Donald Trump’s dance of defeat

by SPENGLER

A customer tries out a Huawei Mate 20 X 5G smartphone at a branch of China Unicom in Nanjing city in east China’s Jiangsu province on August 16, 2019. PHOTO/AFP

China has already won the critical engagement in the conflict between Washington and Beijing

As the United States and China escalate the past year’s trade dispute into full-scale economic war, the decisive fact in the conflict has gone entirely unmentioned: China has already won the critical engagement in the conflict.

It did so when Washington cajoled and threatened its allies to boycott Huawei’s rollout of 5G broadband, and suffered the most humiliating rebuff in this writer’s memory.

China has triggered a global network effect that begins with the domination of ultra-fast wireless broadband and extends to e-commerce, finance, logistics and transportation – the means to commercialize the labor of billions of people in the Global South. China’s lead in 5G also gives it a head start in a vast array of industrial and consumer applications.

Of these applications, the one that most unnerves the American security establishment is quantum cryptography, a technology pioneered by China that is theoretically unhackable.

Intelligence agencies

On July 7 I revealed in this publication that the new 5G systems would embed quantum cryptography, preventing US intelligence agencies from eavesdropping on the world’s communications and destroying a key American advantage.

That is why the intelligence community prevailed on the Trump administration to derail Huawei’s 5G rollout at all costs.

Control of game-changing technologies like 5G broadband – the sort of technology that transforms the lives of billions of people and generates trillions of dollars in wealth – is passing to China for the first time.

China has a disturbing record of technology theft, to be sure, but China’s past misbehavior is of minor importance compared to its homegrown innovations.

The United States didn’t bring the proverbial knife to a gunfight. It brought nothing to the gunfight, because no American company produces 5G equipment, and the European alternatives to Huawei, Ericsson and Nokia, offer an inferior and more expensive product.

The Trump administration might have tried to persuade US companies to enter the field, but it showed no interest in creating an American national champion to compete with Huawei.

Skills lacking

America’s trade deficit with China is a minor issue next to the tech war the United States is losing. China’s biggest exports to the United States are low-value-added consumer electronics, products that the United States lacks the skills and supply chain to make, and doesn’t want to make, because the labor is paid below American standards.
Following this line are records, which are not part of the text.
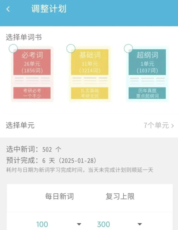 2、弹性计划定制功能,支持按天/周调整必考词、基础词学习量,适配不同备考阶段强度。
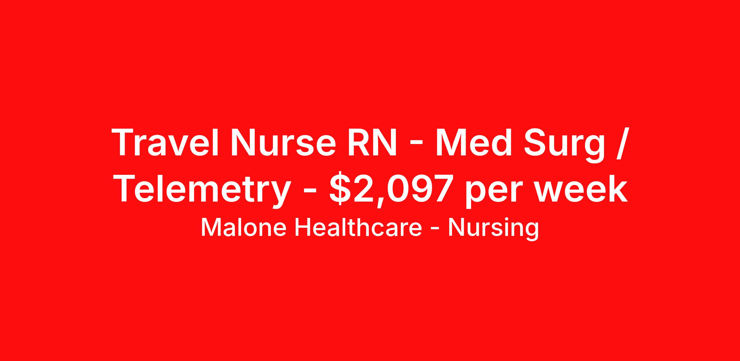 Malone Healthcare - Nursing is seeking a travel nurse RN Med Surg / Telemetry for a travel nursing job in Lee's Summit, Missouri. Job Description & Requirements Specialty: Med Surg / Telemetry Discipline: RN Start Date: 04/01/2026 Duration: 13 weeks 36 hours per week Shift: 12 hours, nights Employment Type: Travel About Malone Healthcare - Nursing With a commitment to providing a higher standard of service and experience in patient care, Malone Healthcare places expert nurses and allied health professionals in rewarding careers throughout the United States. As a leading healthcare staffing agency, Malone’s focus on compliance and integrity translates to a seamless experience for our team members and partner facilities. When you work with Malone Healthcare, you can rely on over 50 years of proven experience placing exceptional professionals in quality healthcare settings. Benefits Weekly pay Holiday Pay Guaranteed Hours Continuing Education 401k retirement plan Pet insurance Referral bonus Medical benefits Dental benefits Vision benefits License and certification reimbursement Life insurance
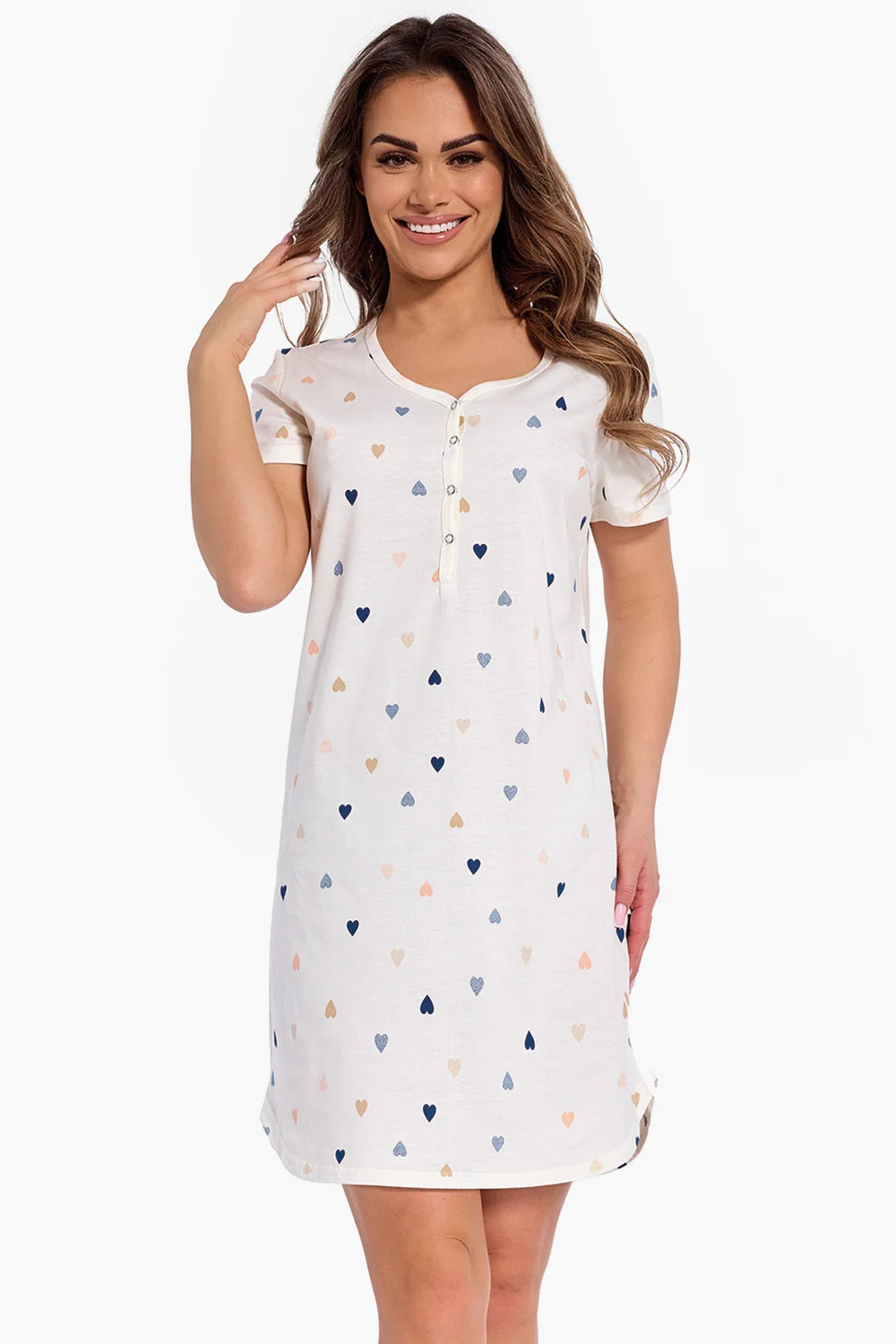 Nočná košeľa značky Cornette. model KR 617/309 Heart 3. výrobok je vyrobený zo 100% bavlny. dĺžka: krátka. miesto zapínania: vpredu. dĺžka rukávov: krátke. výstrih: okrúhly. nočná košeľa sa zapína na patentky. dámsky výrobok.
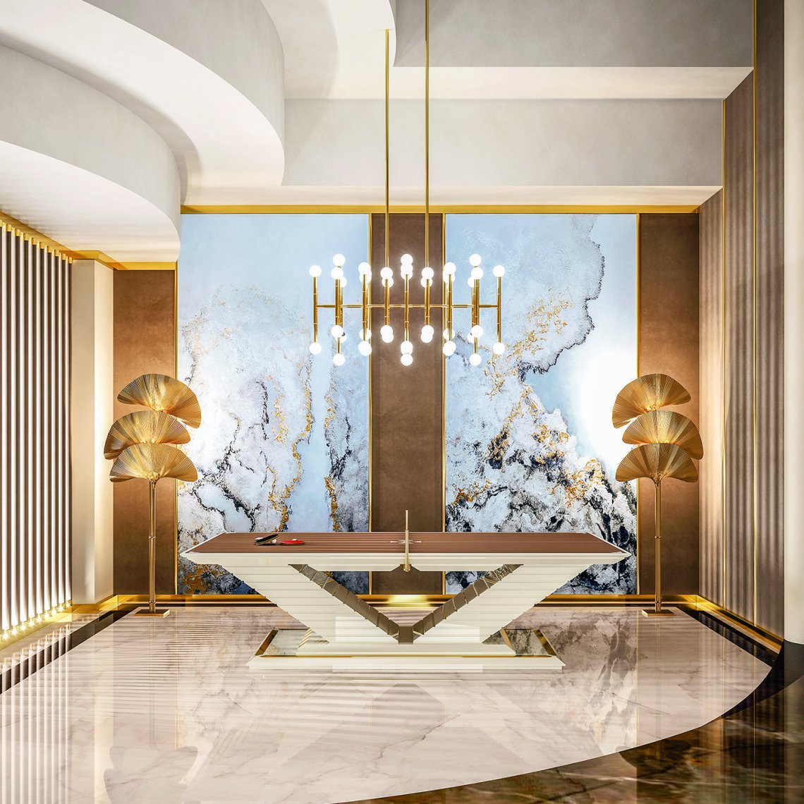 With its regal design, the Arena ping pong table adds an air of importance to a luxury game room. Supporting a matte brown surface, the table's V-shaped base is lacquered in a glossy ivory finish and accented with 24 karats gold-plated steel. Best of all, the net can be removed to use the table for dining or conferences.
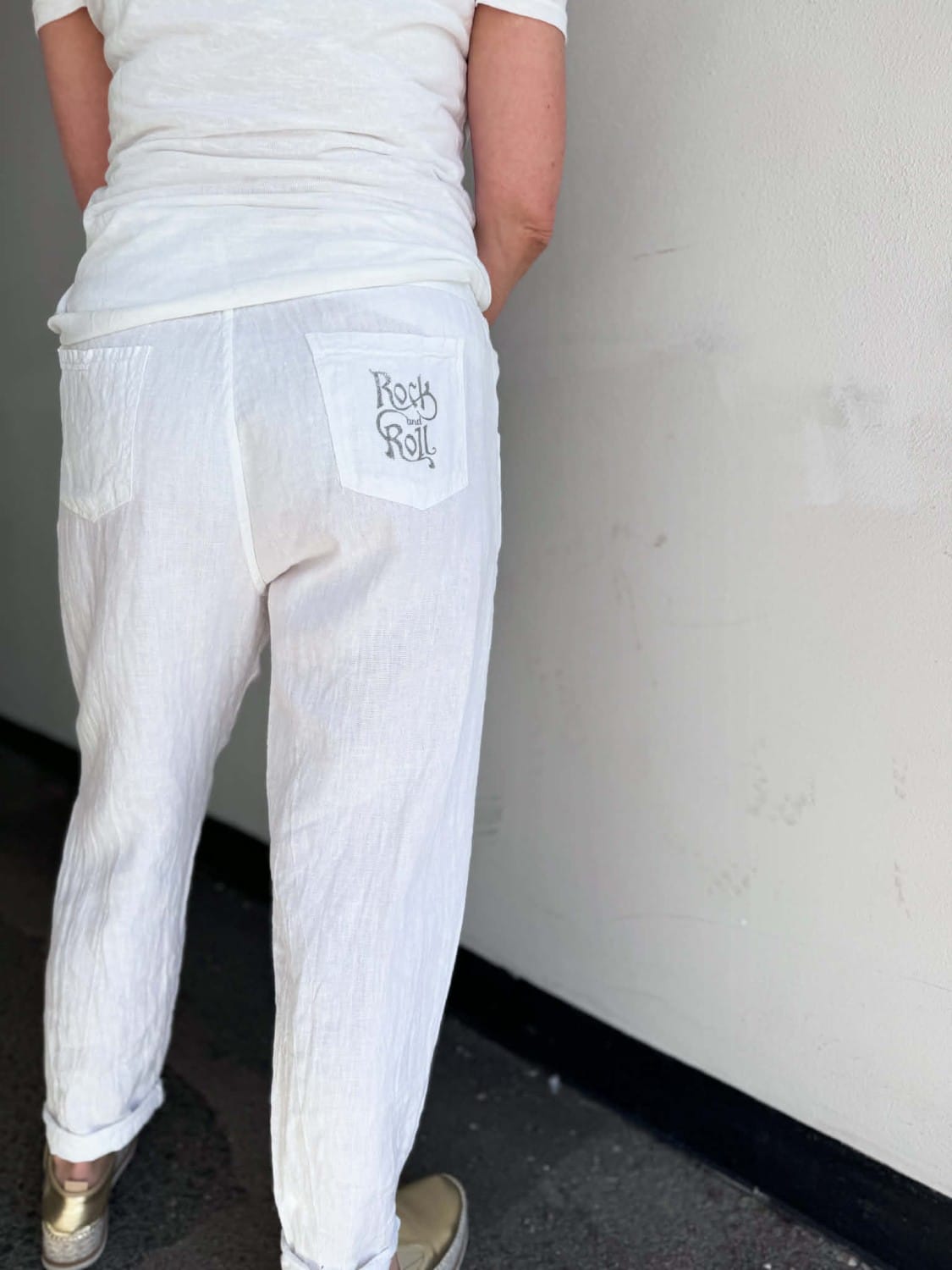 De perfekte linbuksene med «rock&roll» bak på lomma.
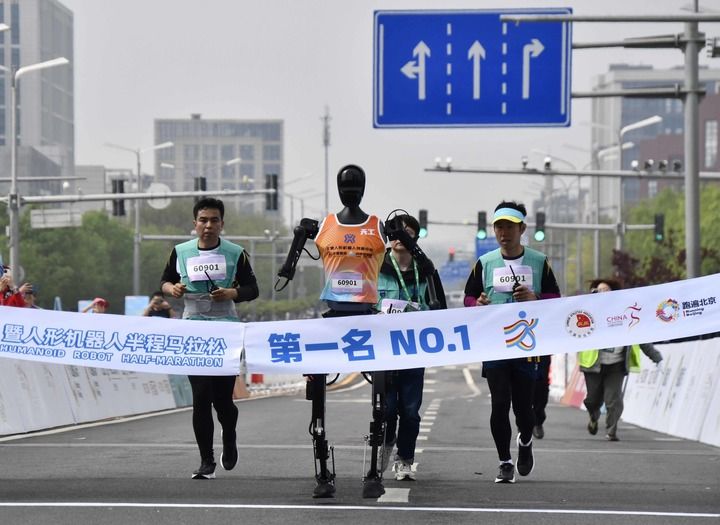 2025年4月19日,在北京亦莊舉行的2025北京亦莊半程馬拉松暨人形機器人半程馬拉松比賽上,天工隊選手天工Ultra(左二)沖向終點。

The US has lost the first decisive engagement of the economic war with China. To my knowledge, Washington has no plans to revive American production of key technologies, nor any plans to put the resources into R&D that would enable the US to counter China’s advantage in some key technologies.

Washington’s military and national security establishments are now in a collective tantrum over the hitherto unimaginable fact that the Chinese have gotten the better of them.

American rancor against China arises from the belated realization that sloth, complacency and fecklessness have allowed a country that two generations ago starved 50 million of its people to death to rise and challenge American dominance.

Hope of victory lost?

It recalls Kaiser Wilhelm II’s urgent advice to his cousin Nicholas II of Russia in 1904 to go to war against Japan as the “savior of the white race.” In consequence, Russia lost its entire fleet to Japan and brought on the 1905 Revolution and, ultimately, the fall of the Romanov dynasty.

For the past year I have warned that America’s confrontation with China would terminate in the economic equivalent of Port Arthur.